*** AVAILABLE DATA ***

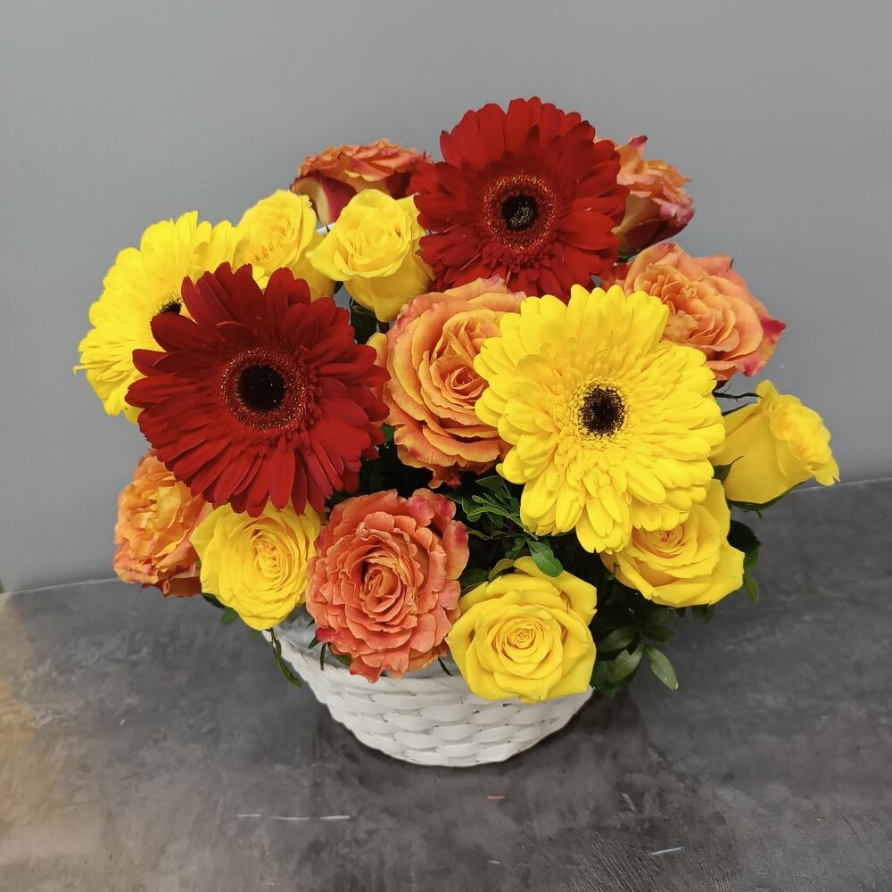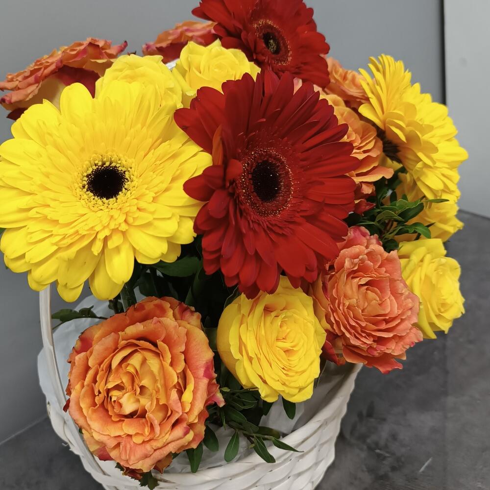 Герберы, Кустовые розы, Пионовидные розы, Розы
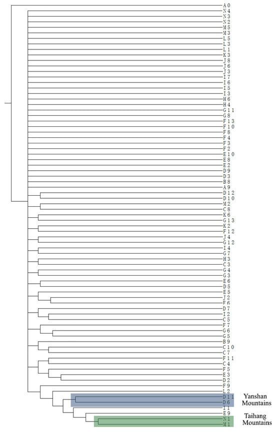 Different branching order maps were obtained using three different grid sizes: 0.1°, 0.25°, and 0.5°. Among these, the optimal tree under the 0.5° grid was selected as the marquee tree for the AOEs after ensuring strict consensus among the branch trees (Figure 3). From the marquee tree, two branches were selected that met the criteria. One branch belonged to the southern region of the Taihang Mountains (N1–M1), and the other branch belonged to the Yanshan region (D6–D11).
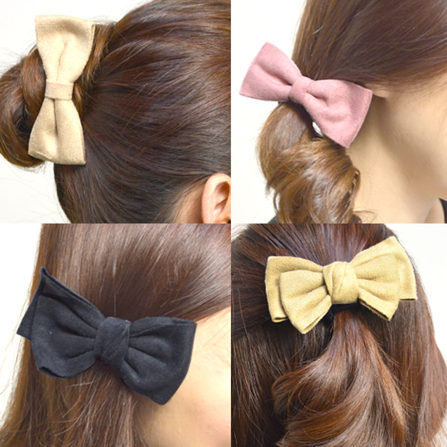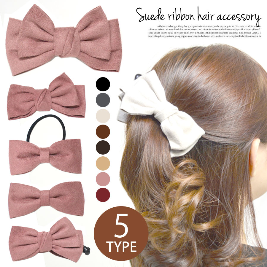 【選べる5タイプ しっとり スエード調 ベロア風 生地 リボン ヘアクリップ バナナクリップ ヘアゴム レディース ヘアアクセサリー スエード ベロア ベルベット レザー】
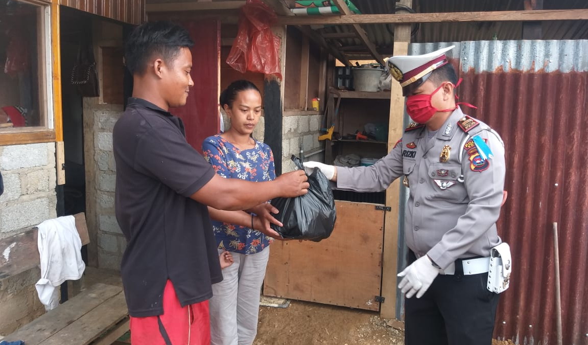 Peduli Dampak Covid-19, Satlantas Polres Arosuka Bagikan Sembako

*** End of AVAILABLE DATA ***

EXERCISE DETAILS:
Return all material verbatim, pictures omitted.

WRITTEN RESPONSE:
 Герберы, Кустовые розы, Пионовидные розы, Розы
 Different branching order maps were obtained using three different grid sizes: 0.1°, 0.25°, and 0.5°. Among these, the optimal tree under the 0.5° grid was selected as the marquee tree for the AOEs after ensuring strict consensus among the branch trees (Figure 3). From the marquee tree, two branches were selected that met the criteria. One branch belonged to the southern region of the Taihang Mountains (N1–M1), and the other branch belonged to the Yanshan region (D6–D11).
 【選べる5タイプ しっとり スエード調 ベロア風 生地 リボン ヘアクリップ バナナクリップ ヘアゴム レディース ヘアアクセサリー スエード ベロア ベルベット レザー】
 Peduli Dampak Covid-19, Satlantas Polres Arosuka Bagikan Sembako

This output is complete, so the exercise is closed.